Por un instante, la mirada suplicante de aquellos ojos azules dejaron traslucir la acuciante necesidad que Lymond sentía. La mirada de los ojos grises de Richard le convenció de la inutilidad de su petición, y sin añadir comentario alguno se bebió el agua, que fue todo lo que su hermano accedió a traerle.

Poco después Lymond se incorporó con precaución y se abrazó una de sus piernas enfundadas en calzas de malla.

—Perdona. Tengo las tripas desechas y los músculos no me responden como es debido. Dios sabe que actualmente soy un insulto al decoro, pero ya se me pasará.

—¿Cuándo —preguntó Richard con el rostro impasible y sin alterar el tono—, comiste algo sólido por última vez?

—Líquidos —dijo Lymond—. Me sientan mejor los líquidos fuertes y fermentados. Néctar dorado, como a las hadas. —Rió brevemente—. No voy a morirme de hambre, te lo prometo. Si el eremita Nicolás pudo soportarlo, yo no voy a ser menos.
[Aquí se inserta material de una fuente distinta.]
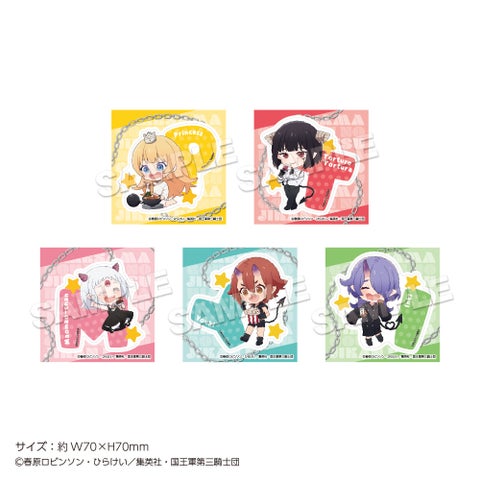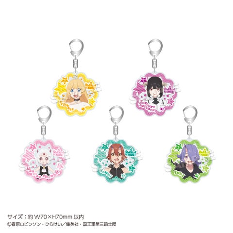 トレーディング缶バッジ、アクリルスタンド、アクリルキーホルダー、ステッカー、マグカップなどが販売されます。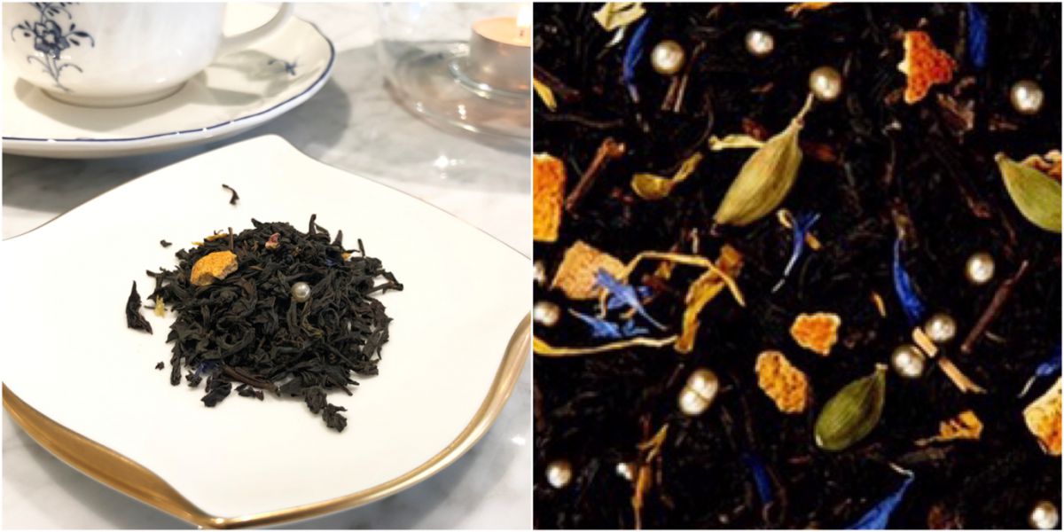 フルーツや花びらが入り、とってもカラフルな茶葉の中には、パールのような銀色の粒が!こちらは、お砂糖を固めてつくられていて、溶けても甘くはならないのですが、目で見ても楽しい仕掛けになっています。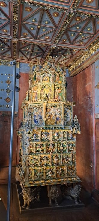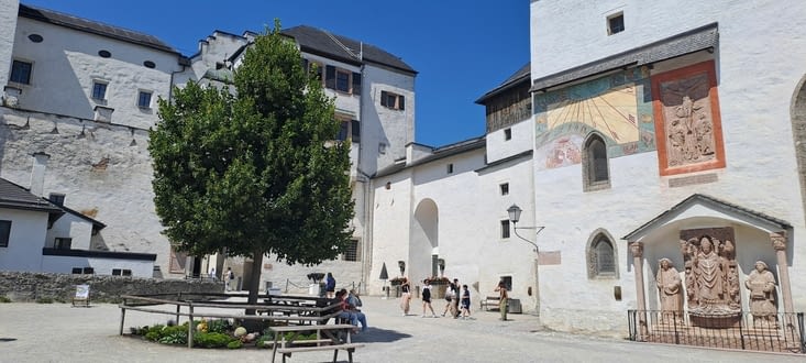 Le tems passe et nous voulons absolument visiter la forteresse de HOHENSALZBOURG. Nous prenons la visite complète. Les appartements princiers, une chambre est en cours de rénovations, possèdent de belles boiseries avec beaucoup de dorrures, des poeles en faïence très colorés, des colonnes en marbre. On visite également le musée avec des armes anciennes, des tenues d'époques ainsi que des instruments de tortures. Le plus intéressant c'est la vue magnifique sur la ville depuis le haut de la forteresse.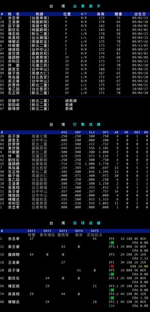 台 灣 (1W-1L) AVG OBP SLG OPS AB HR RBI BB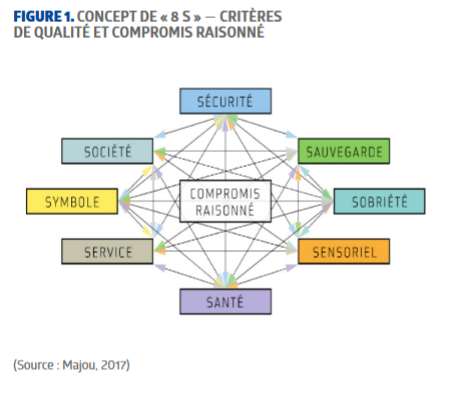 La production de denrées alimentaires doit respecter des normes et réglementations liées à l’hygiène, à l’analyse des risques alimentaires, à l’emballage, sans compter le respect de référentiels spécifiques de sécurité sanitaire imposés par certains distributeurs (comme l’International Featured Standard ou IFS et le British Retail Consortium ou BRC). Les entreprises doivent aussi répondre aux besoins des consommateurs, qui réclament des produits alimentaires sains, les moins transformés possible et plus respectueux de l’environnement, sans oublier la question du prix [1] . Pour Didier Majou, directeur de l’Association des centres techniques de l’industrie alimentaire (ACTIA), la création d’un produit alimentaire est un « compromis raisonné » entre les « 8 S », comme illustré dans la figure 1.

Esto no va a durar mucho más.

—¿Cuánto más? —Richard seguía preguntando implacable, negándose a aceptar evasivas—. Los Erskine creen que quieres conseguir pruebas de la culpabilidad de Stewart, en caso de que este regrese.

Las manos de Lymond, sucias e inmóviles, yacían sobre su regazo.

—Es cierto, en parte. Las pruebas de que dispongo serían de poca relevancia ante un juez. Mis testigos son una prostituta de Dieppe, un escocés que se hace pasar por hindú y otro escocés que pasa por ser irlandés. Pero lo cierto es que no creo que Stewart vaya a volver…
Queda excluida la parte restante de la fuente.